Ongoing and expanding biomanufacturing focus
Forward BIOLABS is one of three pillars within the Forward BIO Initiative, a Madison-based center of excellence designed to help groundbreaking research move out of the labs and into the marketplace. In addition to Forward BIOLABS, the initiative also includes:
- the Forward BIO Institute, which is based at UW-Madison and supports research, workforce development and public-private partnerships in biomanufacturing; and
- BioForward Wisconsin, which creates avenues of corporate engagement with entrepreneurs engaged with the initiative.
Altogether, the initiative is enhancing Wisconsin’s status as a national leader in the biomanufacturing industry, which includes the advanced manufacturing of therapeutic medical devices, cells, tissues or pharmaceuticals—and it is doing so by capitalizing on the groundwork laid by numerous Wisconsin educators and innovators.
“Dr.

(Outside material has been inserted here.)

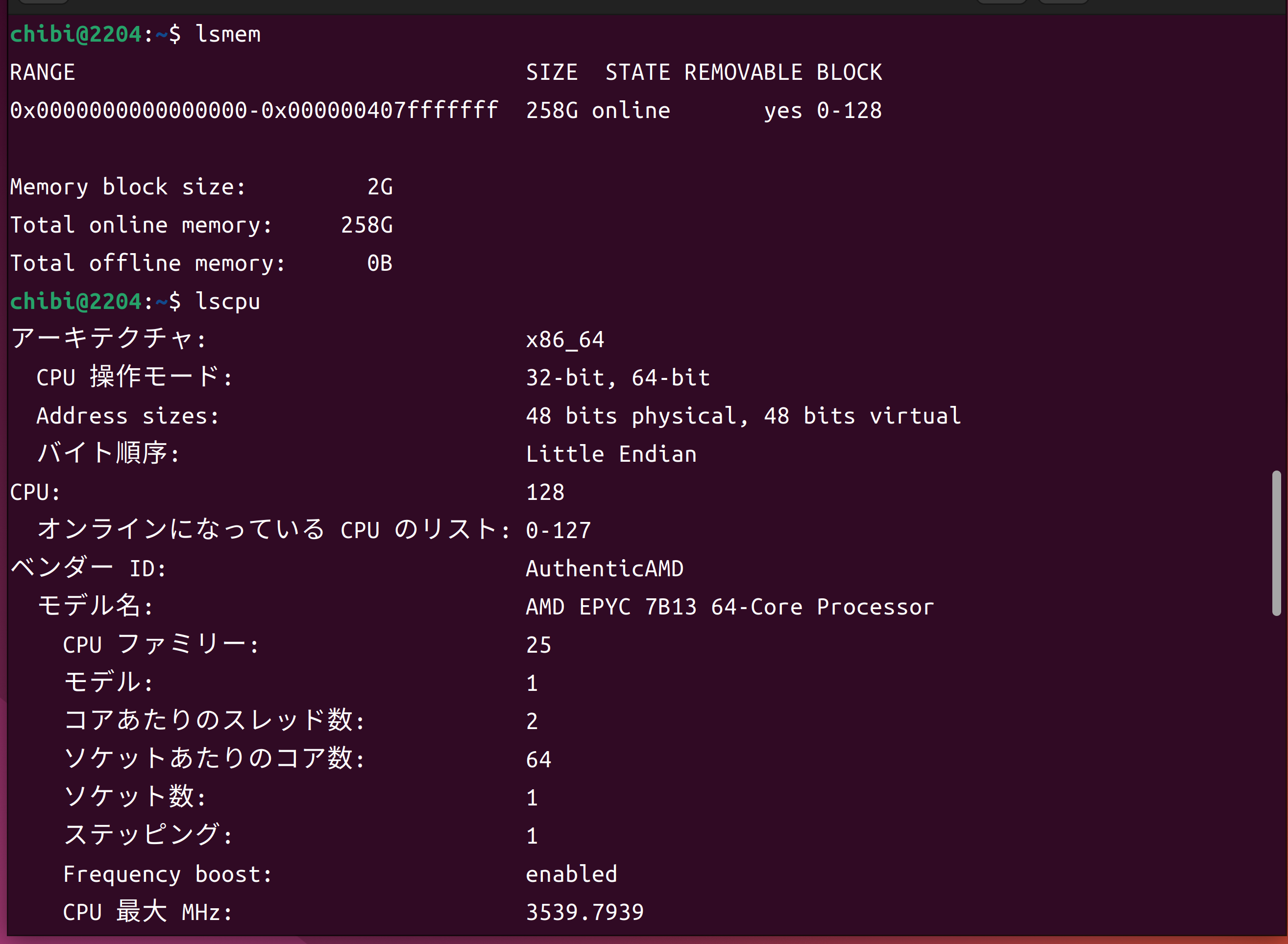 - 第3世代 AMD EPYC 7B13 64-Core Processor 128Threads 256GB TITAN RTX EDILOCA EN605 256GBで構成された Ubuntu 22.04.5 LTS へ CUDA.12.8.0をInstall して nvidia-smi nvcc -V cat /etc/os-release lsmem sensors nvme list nvme smart-log /dev/nmve0n1 lscpuを設定した
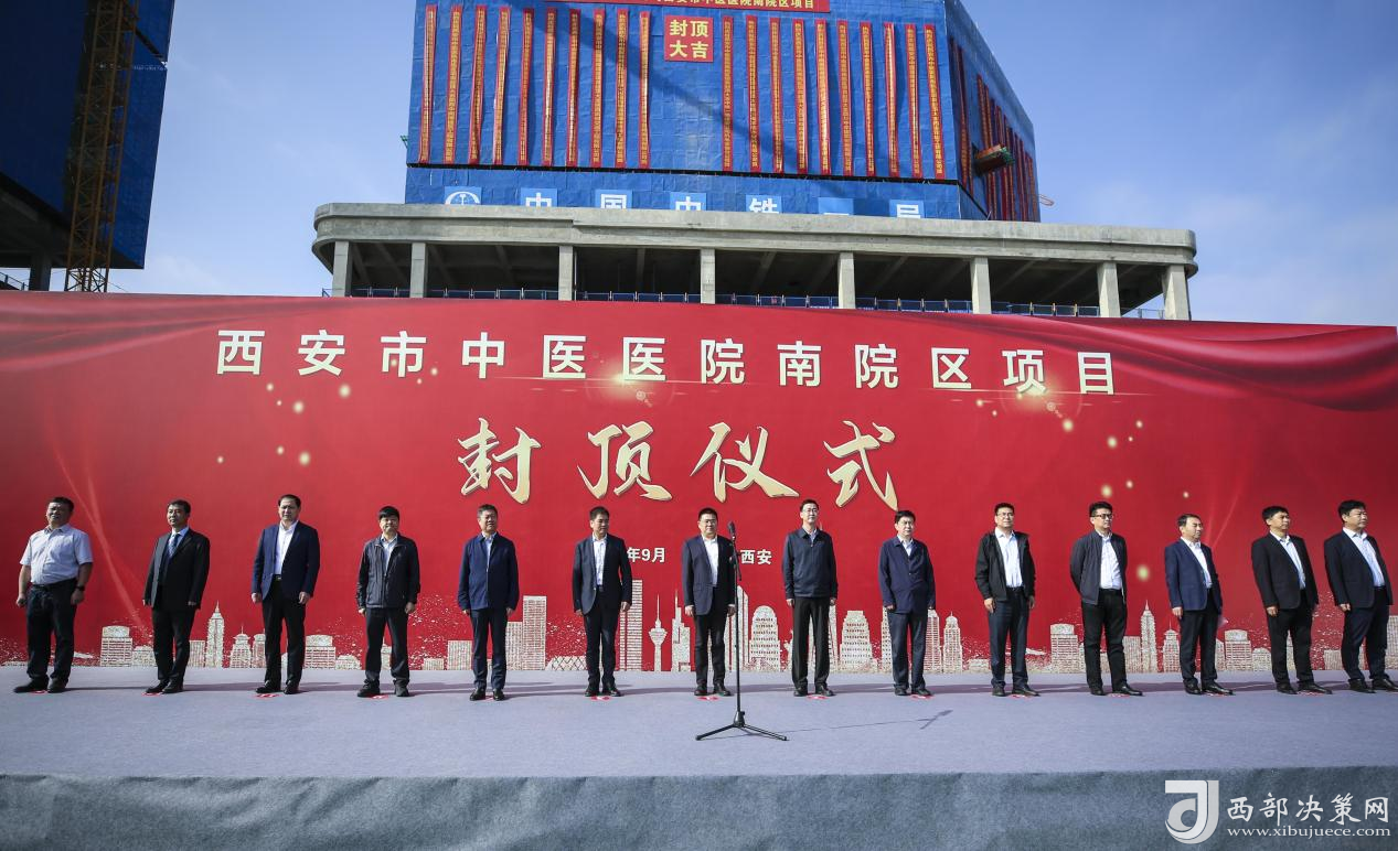 來自西安市政府,陜西省中醫(yī)藥管理局,市相關(guān)部門、長安區(qū)委區(qū)政府有關(guān)負(fù)責(zé)同志,以及市中醫(yī)醫(yī)院、中鐵一局建安公司等建設(shè)、施工單位人員100余人參加了封頂儀式。

Bill Murphy had the vision to identify Wisconsin as unique not only in its academic expertise but in the broad range of companies that biomanufacturing comprises,” says Lisa Johnson, CEO of BioForward Wisconsin. “He recognized we needed to move as a state to become the Midwest hub for biomanufacturing before others laid claim.”
This first-mover advantage serves the Forward BIO Initiative well, and BIOLABS continues to focus on developing Wisconsin’s biomanufacturing ecosystem.
“Forward BIOLABS is novel due to the partnership it has with Forward BIO Institute and with BioForward Wisconsin,” Johnson says. “The community recognized we needed shared lab space that wasn’t just incubator space, but rather a partnership with a grander vision that could support early-stage companies and spotlight them as part of Wisconsin’s biomanufacturing center of excellence.
“We work collaboratively and are very focused on initiatives such as Forward BIO,” she adds. “We know many of the key players in this state and how to bring them together to advance and support the emerging-growth companies within Forward BIOLABS. We have the industry and academic expertise that jointly gives us a competitive advantage.”
WEDC’s investment in the Forward BIO Initiative is part of a long-term strategy to grow and expand targeted, high-growth business clusters that ultimately leads to significant job growth in Wisconsin. WEDC-supported centers of excellence, including the Global Water Center and the Energy Innovation Center, serve as cluster “anchors” around which educational and corporate R&D, commercialization, external investment and company attraction connections are made.